Re: [PATCH 3/3] ima: use fs method to read integrity data (updated patch description)

From: Linus Torvalds
Date: Sun Sep 17 2017 - 11:28:48 EST

On Sun, Sep 17, 2017 at 8:17 AM, Christoph Hellwig <hch@xxxxxxxxxxxxx> wrote:
> Only for direct I/O, and IMA and direct I/O don't work together.
> From ima_collect_measurement:
> if (file->f_flags & O_DIRECT) {
> audit_cause = "failed(directio)";
> result = -EACCES;
> goto out;
> }

That's not the issue.

The issue is that somebody else can come in - using direct IO - at the
same time as the first person is collecting measurements, and thus
race with the collector.

So now the measurements are not trustworthy any more.

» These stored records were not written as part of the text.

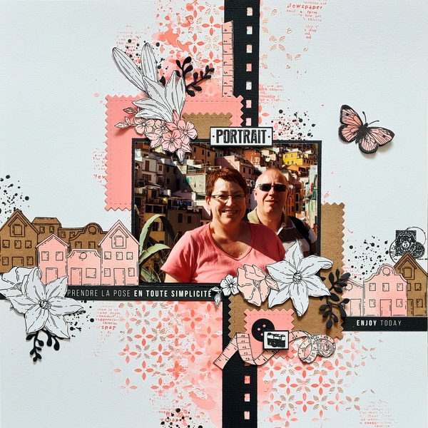 Sur mes fonds de page, j’ai utilisé un des nouveaux pochoirs Duo Colour de Craft Emotions. Ces pochoirs sont composés de 2 motifs complémentaires, que l’on peut utiliser avec des matériaux différents pour créer un motif bicolore (ou bi-matière). Ici, j’ai utilisé de l’encre Distress Oxide pour le premier motif, et de la pâte de texture Nuvo Glacier Paste pour le deuxième. J’aime beaucoup le rendu final. C’est la première fois que j’utilisais cette pâte de texture Nuvo. Elle est légère, mais suffisamment compacte pour ne pas glisser et baver sous le pochoir. Le résultat, une fois sec, est scintillant. J’adore !
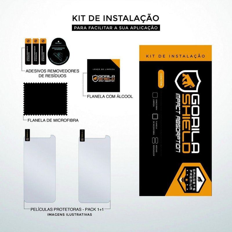 A Película de Vidro Dupla , da Gorila Shield, é uma das mais fortes do mercado, possuindo o Certificado US Military. Fabricado com a melhor tecnologia disponível atualmente, o acessório possui 0,27mm de espessura para proteger a tela do seu aparelho sem alterar a sensibilidade. Além disso, a embalagem conta com duas películas, para que, em caso de riscos ou arranhões na tela, você tenha uma reserva para substituir imediatamente.
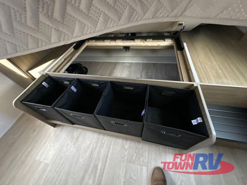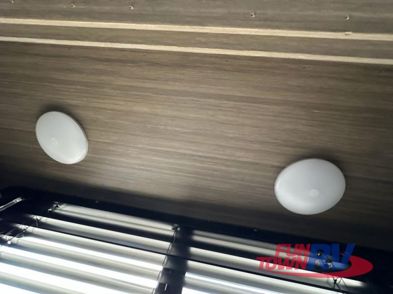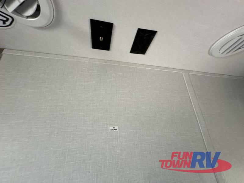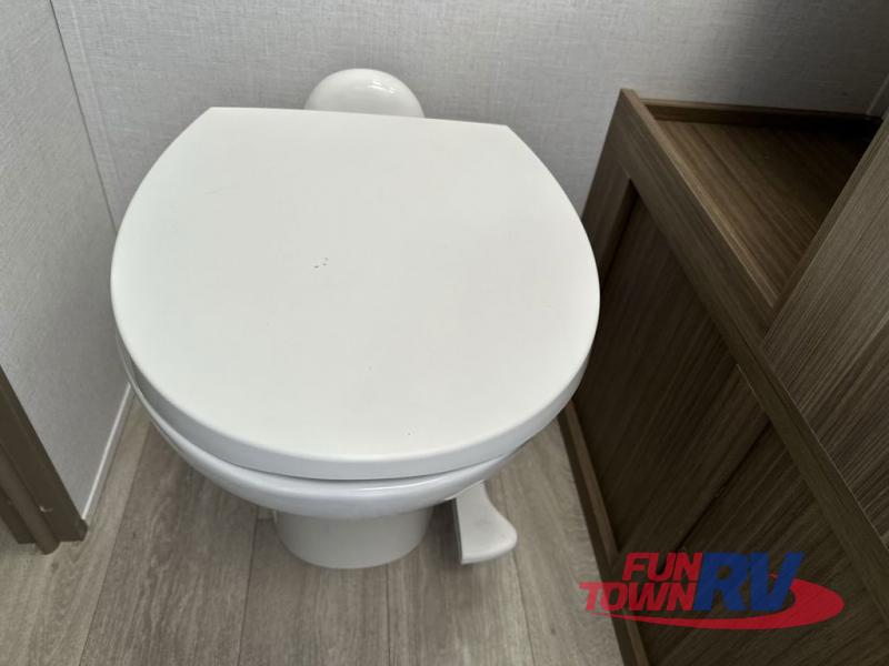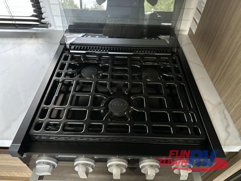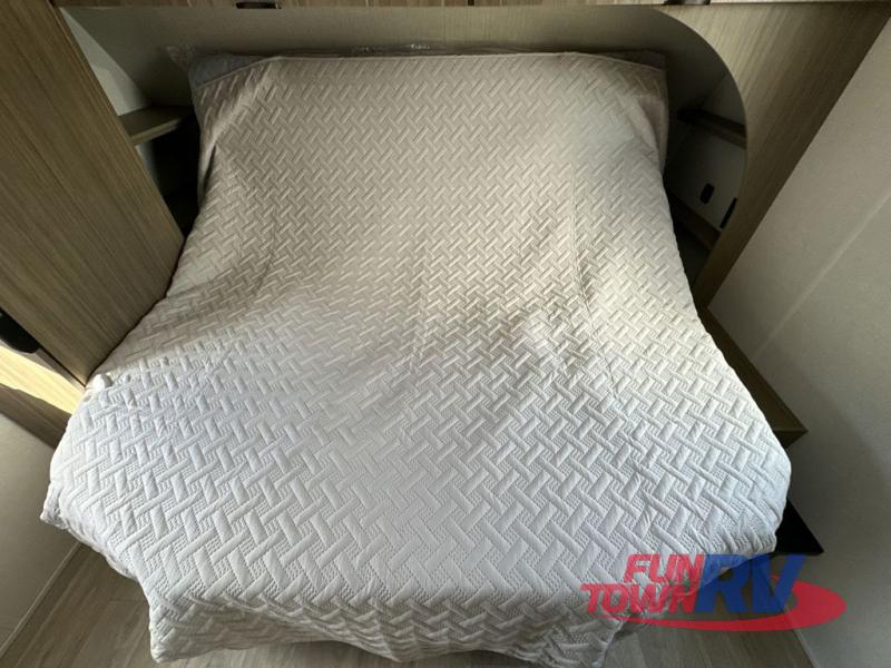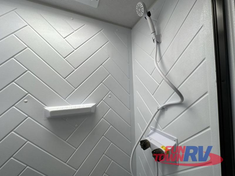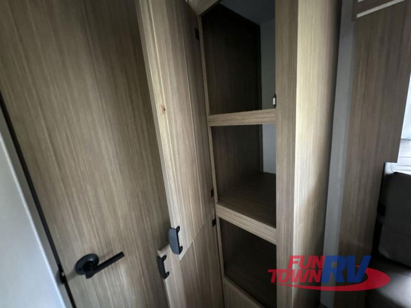 This travel trailer is new to the lineup and offers a large amount of versatility! The rear private bunkhouse has two 30" x 74" Versa-bunks and a Versa-queen bed so that more can join in on the camping fun. Start each morning feeling clean and fresh after showering in the walk-in shower with fiberglass surround then head to the front private bedroom to change. The kitchen has an oversized refrigerator to keep your perishables fresh, a cooktop for meals, and a U-shaped dinette for dining, game time, or just hanging out.
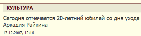 Заголовок теперь такой "20 лет назад от нас ушел великий Аркадий Райкин".
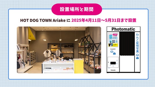今回は東京・有明にある「HOT DOG TOWN Ariake」にて設置します。当施設は愛犬用グッズが並ぶセレクトショップ、愛犬とのオンリーワンアイテムをその場で製作・お持ち帰りできる工房、トリミングサロン、室内ドッグラン、ドッグカフェが常設された、愛犬とのワクワクが集まった複合施設です。わんこ証明写真の撮影後は、画像データを使ったうちの子グッズも制作可能です。
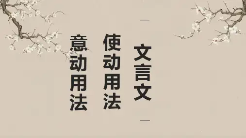 一、动词使动用法动词和它的宾语不是一般的支配与被支配的关系,而是使宾语所代表的人或事产生这个动词所表示的动作行为。
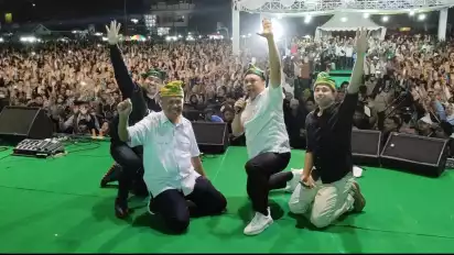 Heboh Kedatangan Raffi Ahmad, di Deklarasi Pasangan Bacagub Sultra Ruksamin dan LM Syafei Dihadiri Ribuan Massa
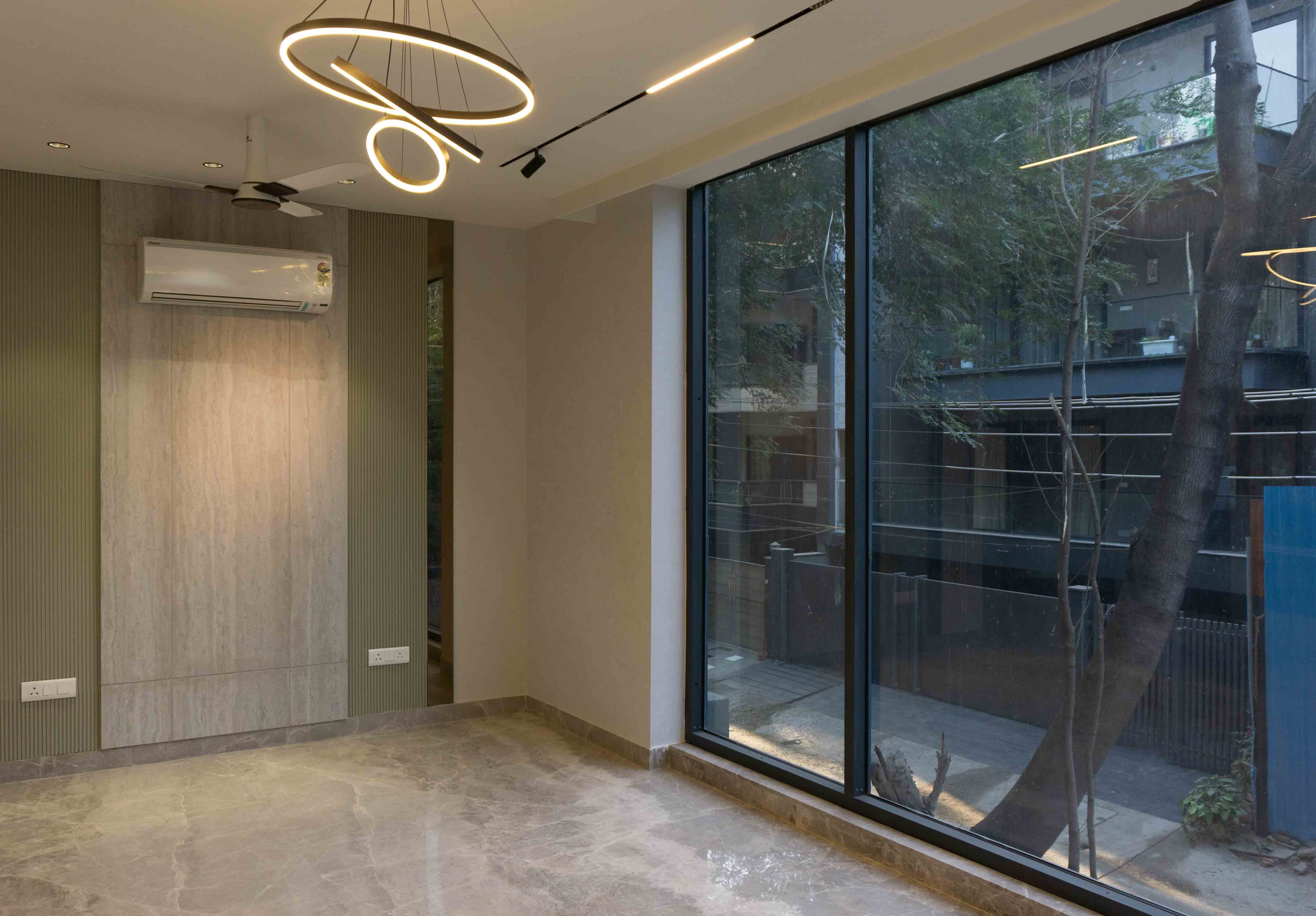 We handled the complete construction, architecture, and interior design of this project on a north-facing 200 sq. yard plot. The ground floor included a lift lobby, four servant rooms, and ample open space to accommodate up to eight vehicles (2 for each floor).
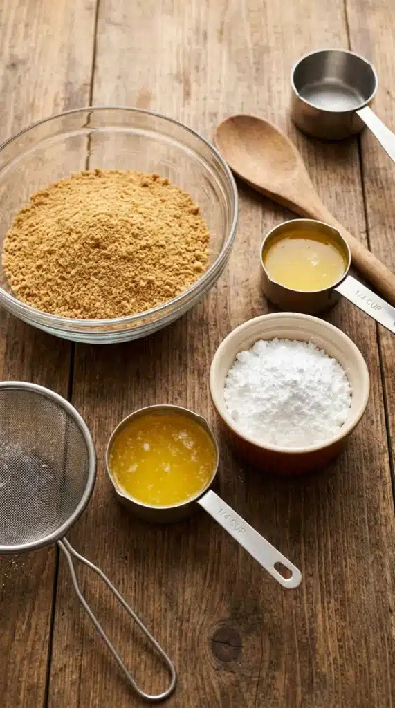 - Combine graham cracker crumbs, melted butter, and powdered sugar in a bowl, then press into a 9-inch pie plate to form the crust.
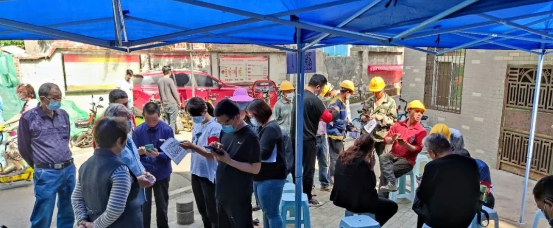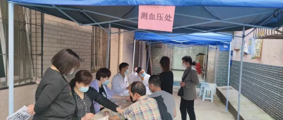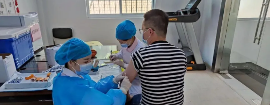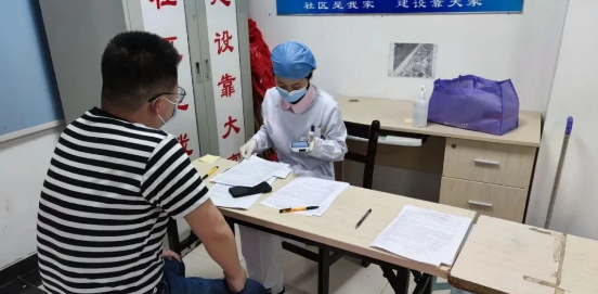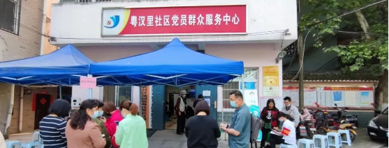 为有效防控疫情,粤汉里社区在做好常规疫情防控的同时,着力提高辖区居民新冠疫苗接种的覆盖率。2021年5月1日,粤汉里社区携手武昌医院在社区门口设置了一个社区新冠疫苗临时接种点,方便临近居民免费接种新冠疫苗。
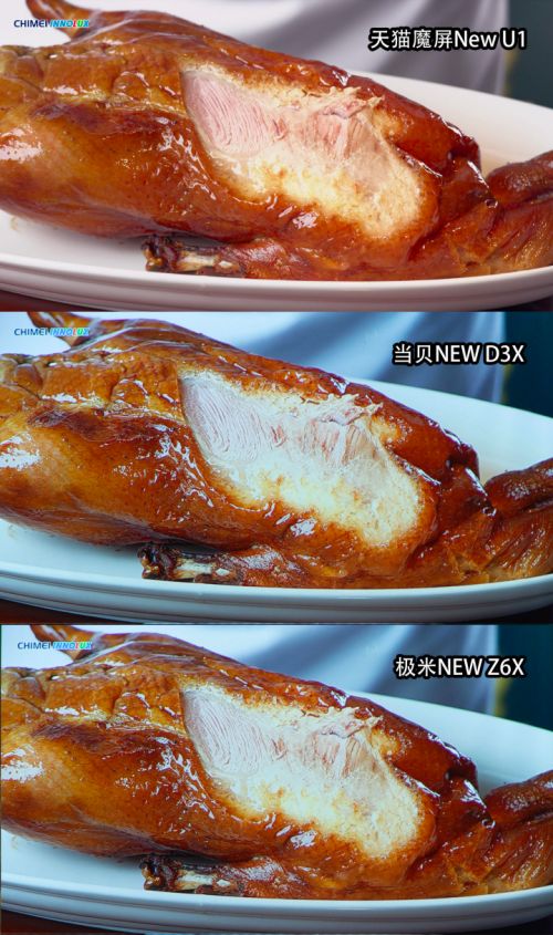 此外,我還選取了比較經(jīng)典的一個(gè)4K片源做了另一個(gè)測(cè)試,使用相機(jī)實(shí)拍了其中的一組美食鏡頭。從上面這組對(duì)比圖中,我們可以看到它們對(duì)美食畫(huà)面的表現(xiàn)也是特別到位的,尤其是肉質(zhì)的紋理特別清晰細(xì)膩。尤其是天貓魔屏New U1,食物看起來(lái)非常地誘人。 4.觀影流暢度
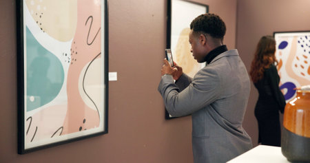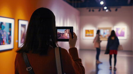 Utilizing smartphone technology to capture vibrant contemporary artwork in a modern gallery exhibition
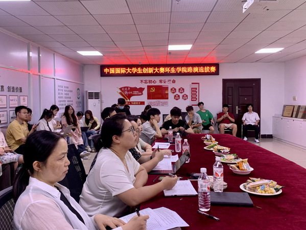 2025年5月29日中午,环生学院在综合楼1118会议室成功举办了“中国国际大学生创新大赛”院内路演选拔赛。本次大赛旨在激发学生的创新思维,选拔优秀项目代表学院参与校级比赛,为更高层次的角逐做好准备。环生学院党总支副书记王强、副院长郑丹、杨文婷,环境工程系副主任陶玲,以及辅导员兼分团委书记尹佳丽担任了本次选拔赛的评委。他们以专业的视角和丰富的经验,为参赛团队学生提供悉心指导。
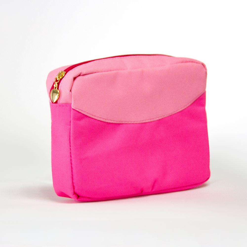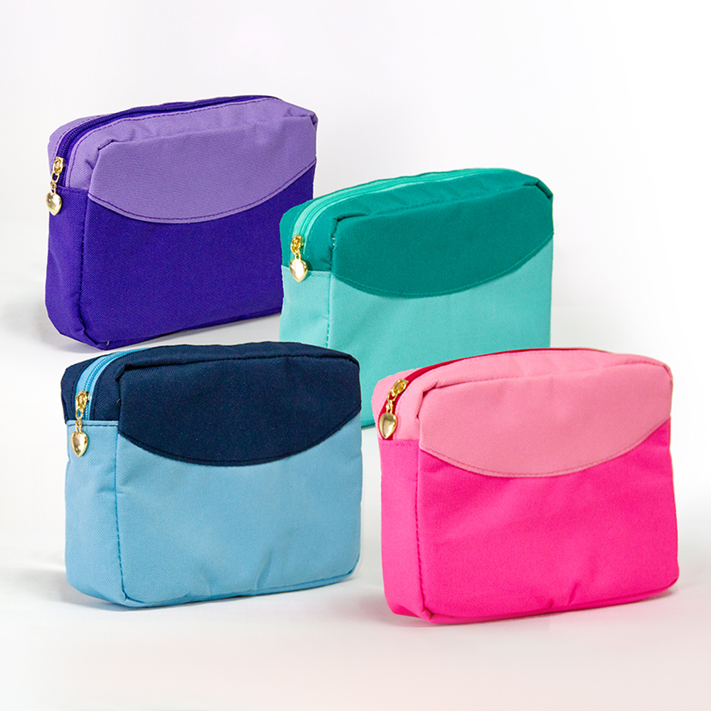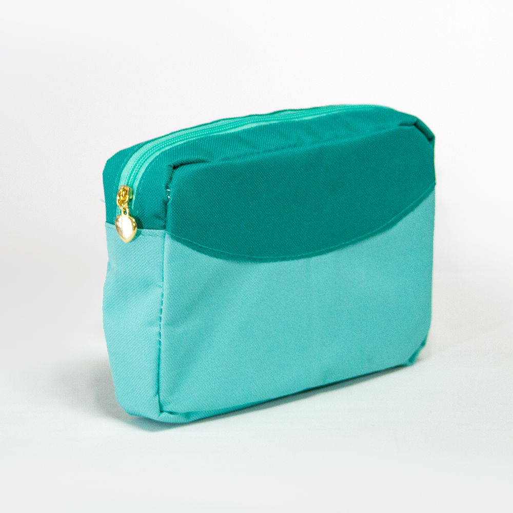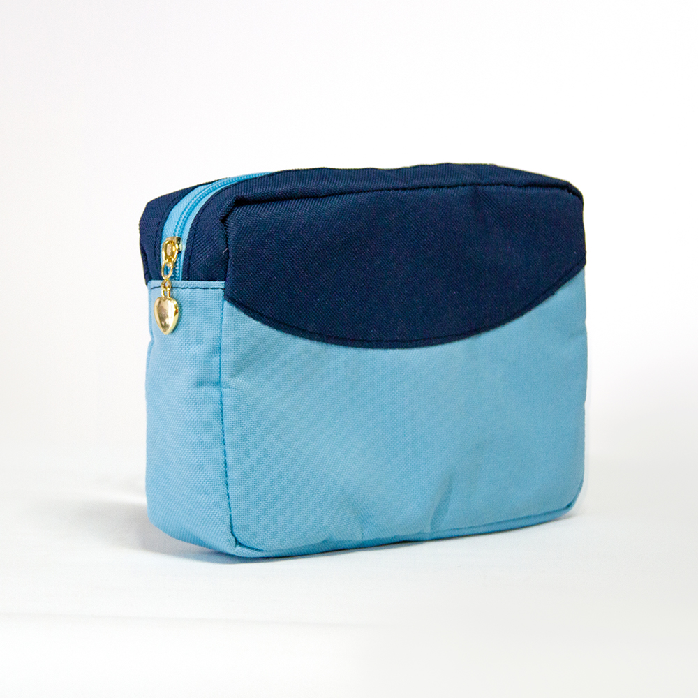 Cosmetiquera de poliéster y cierre con detalle de corazón.
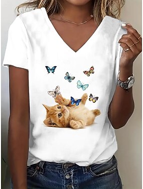 Fille 3D Chat Tee-shirts Chemises Manche Courte 3D effet Eté Actif Mode Le style mignon Enfants 3-12 ans Col Ras du Cou Extérieur Casual du quotidien Standard
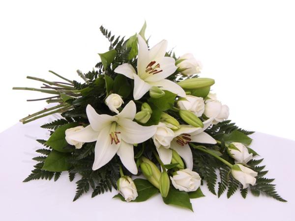 Ruusupohjainen hautakimppu. Lisäkukkina käytetään kauden kukkia ja koristevihreä
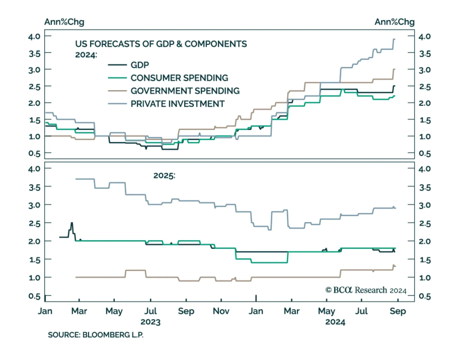 Last week, economists polled by Bloomberg revised their consensus 2024 US GDP forecasts upwards, from 2.3% to 2.5%. Government spending and private investment were both revised 0.3 ppts higher to 3.0% and 3.9%, respectively,…
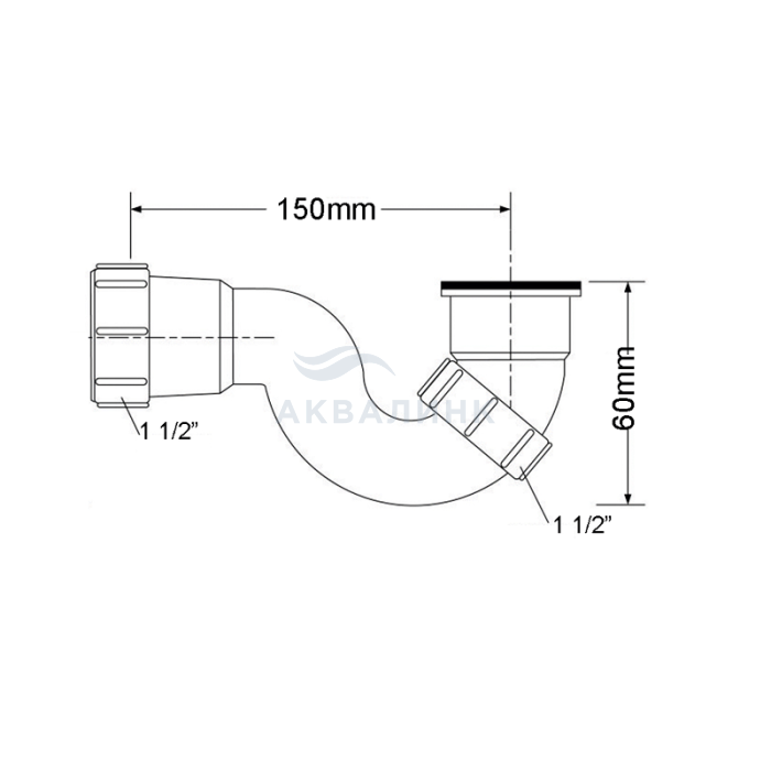 Сифон трубный Р-образный (1 1/2"х40мм) без выпуска; высота 60мм; выход компрессионный Ду=40мм
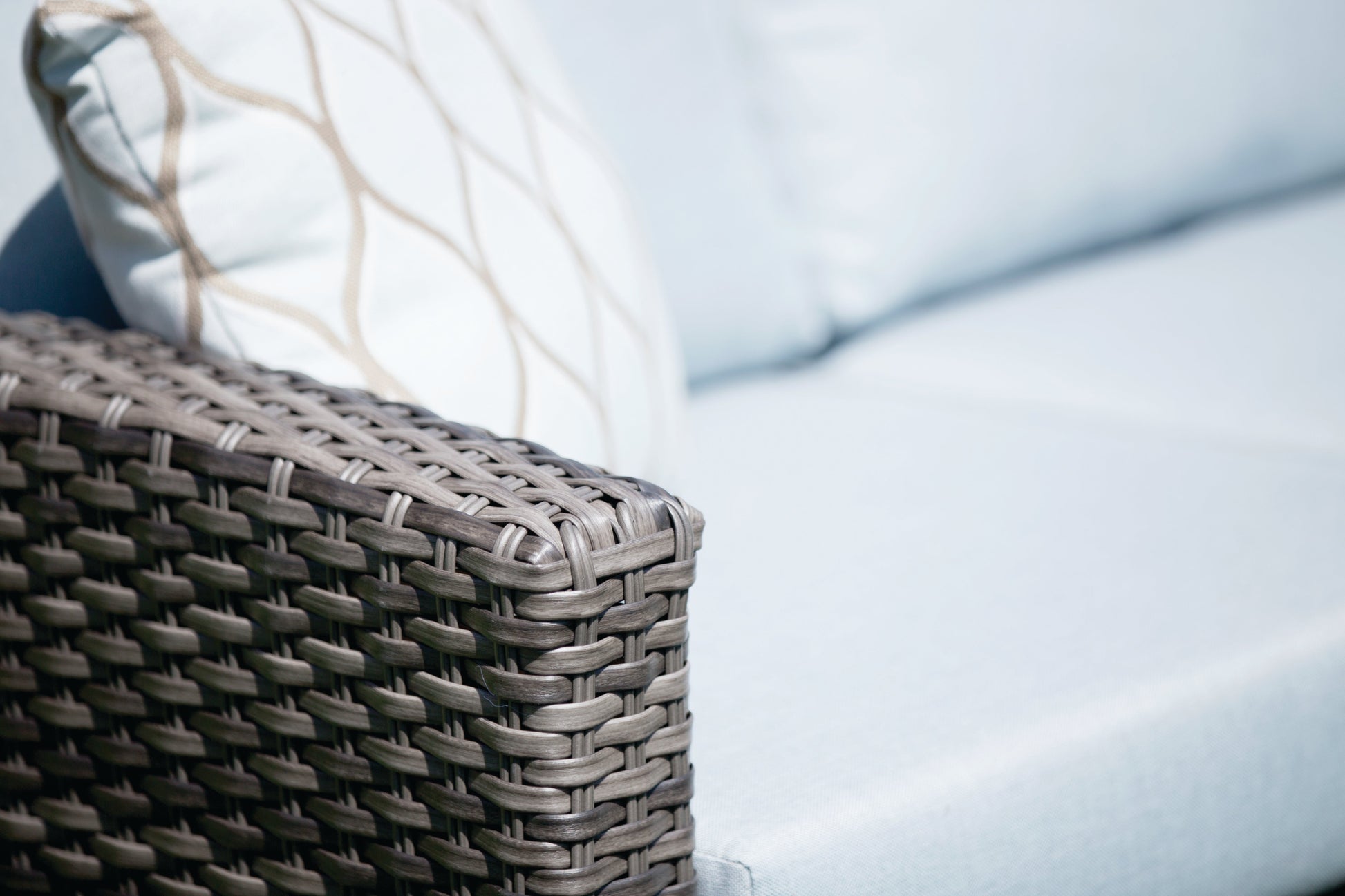 Le tissage épais et durable en résine, d'une finition gris brouillard, rappelle le tressage de l'osier. Les cadres en aluminium thermolaqué offrent résistance et durabilité, quelles que soient les conditions météorologiques.

> Well, that's exactly the point of the new ->integrity_read routine
> I proposed and prototype. The important thing is that it is called
> with i_rwsem held because code mugh higher in the chain already
> acquired it, but except for that it's entirely up to the file system.

.. and *my* point is that it's the wrong lock for actually checking
integrity (it doesn't actually guarantee exclusion, even though in
practice it's almost always the case), and so we're adding a nasty
callback that in 99% of all cases is the same as the normal read, and
we *could* have just added it with a RWF flag instead.

Is there some reason why integrity has to use that particular lock
that is so inconvenient for the filesystems it wants to check?